Global migration experts have welcomed the Malaysian government’s move to eliminate middlemen who charge millions of foreign workers exorbitant recruitment fees, leaving them saddled with debt and vulnerable to exploitation.
From factories to construction sites and plantations, Malaysia relies heavily on foreign workers for jobs shunned by locals.
Many expatriates arrive after borrowing huge sums to pay recruitment agents, consequently they have to work for years earning virtually nothing - a form of modern-day slavery known as debt bondage.
To address the situation, recently Malaysia struck a deal with Nepal to directly recruit its workers, without going through agents. The agreement came after Nepal suspended sending workers due to concerns about their treatment.
The agreement with Nepal aims at curbing human trafficking and exploitation of workers, Malaysian human resources minister M. Kulasegaran told the Thomson Reuters Foundation.
‘They must not be in a bondage situation in this country and caught in a vicious cycle of earning to pay back money.’
Under the agreement, which came into effect on October 29, Nepali workers will be hired on a government-to-government basis. Malaysian employers will have to bear all the recruitment costs, including airfare, and visa and medical check-up fees.
Kulasegaran said Malaysia was negotiating similar agreements with Bangladesh, Indonesia and Vietnam.
Bangladesh, Indonesia and Nepal are the top providers of Malaysia's nearly two million registered migrant workers, government figures show.

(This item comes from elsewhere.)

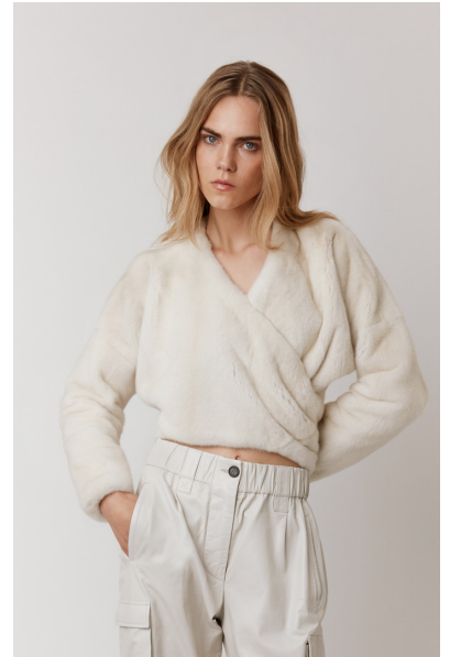
7182 VINCA • 21 Pearl • 1.695 €

There are millions more without work permits.
The world's largest glove maker, the Malaysian firm Top Glove, said this month it would cut ties with unethical recruitment agents, after some of its migrant workers were found to have clocked excessive overtime to clear debts.
Debt bondage is one of the most prevalent forms of modern slavery, which affects more than 40 million people worldwide, according to the United Nations' International Labour Organization.
Kulasegaran urged major firms operating in Malaysia to take the lead in ensuring there were no labour abuses of migrant workers.
Global migration expert and Hague based Bangladeshi diaspora forum BASUG’ chairman Bikash Chowdhury Barua has welcome the announcement of the Malaysian government to take steps in order to eliminate ‘middlemen’ who exploit millions of foreign workers while charging recruitment fees and put them in the chain of debts for years together,.
‘We hope that the Malaysian government will also strike a deal with Bangladesh government so that the Bangladeshi workers do not face such problems in the hands of the middlemen at both ends,’ he said.
He added that if such deal could be struck between Bangladesh and Malaysian government, it would reduce human trafficking and exploitation of the workers.
‘We also urge the Bangladesh government to make our mission in Malaysia more migrants-friendly,’ he said.
During a recent visit to Malaysia, he quoted a group of Bangladeshi migrant workers saying that ‘we are not treated properly by our mission in Malaysia, while we are according to our government ‘golden sons’ of the country.’
Malaysia-based human rights group North South Initiative's director Adrian Pereira said hat the agents were overcharging ‘is a very old story.’
‘Malaysia and its cross border counterpart agencies have very weak collaboration when it comes to access to justice and putting an end to overcharging,’ he said.
He said that the Malaysian companies who use their services must be held responsible and return all the excess money back to the workers.
‘So only when there is solid cross border enforcements and compliance with global standards on Human Rights and Business can we address this issue.’
Over eight lakh Bangladeshi workers are working in Malaysia.